Most oil companies are beginning to develop field with hard to recover reserves due to growing demand. However, development of these types of deposits  cannot be achieved an uneconomical production rate by conventional method (i.e. vertical wells with hydraulic fracturing treatment). The new  technology  (horizontal  wells  with  multi-stage  hydraulic  fracturing  treatment)  replaces  the previous one due to high production rate.

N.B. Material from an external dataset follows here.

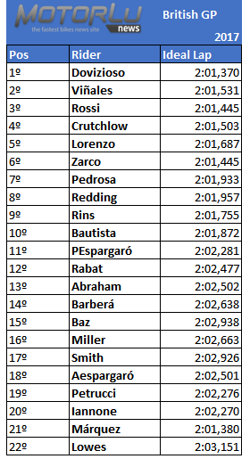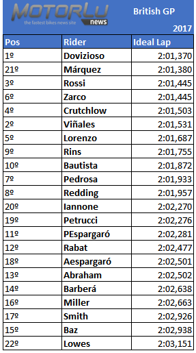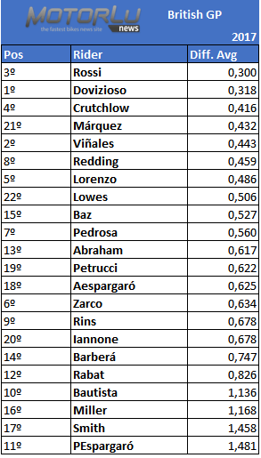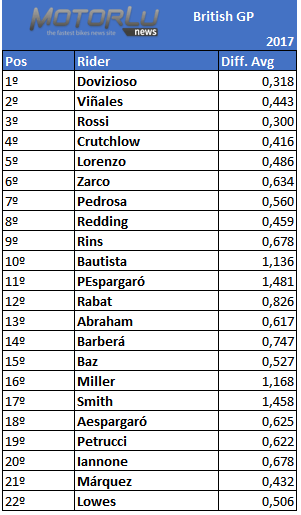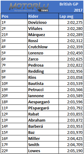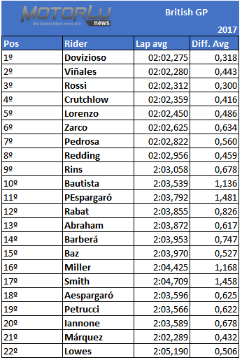 A pesar de que no terminaron, se ha incluido a todos los pilotos, de ahí que veamos a Márquez como el 3r hombre con mejor promedio, o a Aleix en 18ª posición.

Further, many scientists have analyzed this issue since 1984 years, for example, such scientist as Giger et al. suggested the first analytical solution for evaluation of horizontal wells intersecting fractures; however, this equation could not manage with flow in the fracture and in the reservoir properly. Moreover, Hujun Li (1996) and Economides and Martin (2010) presented the more practical application of mathematical models. In addition, the next mathematical model was introduced by Boyun Gou and Xiance Yu (2008). The proposed equation includes several flows (the reservoir radial and linear flow, fracture linear and radial flow respectively).T.M. Herge (1994) presented accurate methods of determining a productivity of multifractured horizontal wells as well as Hong Yuan (2010) showed the new approach for calculation of horizontal wells productivity with and without fractures [1-8].


In addition, these models are intended for horizontal wells with transverse fractures. The horizontal well with transverse fractures will be used for field C. Geological and petrophysical properties of the field C reservoir J1 are presented in the Table below.

Unfortunately, none of these methods give good result due to the following reasons:


  • Fracture radial flow is not taken into account
  • Low permeable reservoir
  • Interference effect


However, Economides method demonstrates best convergence in comparison with other methods. Moreover, the wells that have been exposed by the interference effect can be detected on the following chart (only 16 wells) (Figure 1). The coefficient of correlation showed a good result. It equals 71.4 % without wells with interference effect.

Furthermore, none of these analytical solutions which were listed above, take interference effect between adjacent fractures  into account. Therefore, the simulation model seems to be an appropriate approach to solving this problem (optimum completion of the wellbore).

2.  Simulation approach



The size of this sector model is 1400 meters in length (X-direction) and 800 meters in width (Y-direction), moreover the number of the cells in the X-direction, Y-direction and Z-direction is 28, 16 and 32 respectively.  Also, the dimensions of the sector model were selected with respect to the well pattern.


After that, the horizontal well (length of horizontal section is around 600 meters) was added in the center of the sector model with fractures along the horizontal wellbore. Moreover, the fractures were set by the function WFRA (well fracture) in the Tempest software. In addition, there is no pressure support, so horizontal well is on depletion drive during three years (normal lifetime of the fractures after multi-stage hydraulic fracturing treatment).


The simulation model was provided for the next cases:


  • 1-7 hydraulic fractures along the horizontal wellbore (the maximum 7 fractures, because the minimum distance between fractures should not be less 80 meters due to technological constraints).
  • The  mass  of  proppant  varies  from  30  ton  to  167  ton  per  one  stage  (there  is  a  risk  of breakthrough in the overlying water-saturated reservoirs above 167 ton of proppant per one stage).


Location of frac ports relative to each other should be uniform because uniform distribution of frac ports along horizontal part of the well gives the effective involvement of the reserves by a well and exclusion of interference effect.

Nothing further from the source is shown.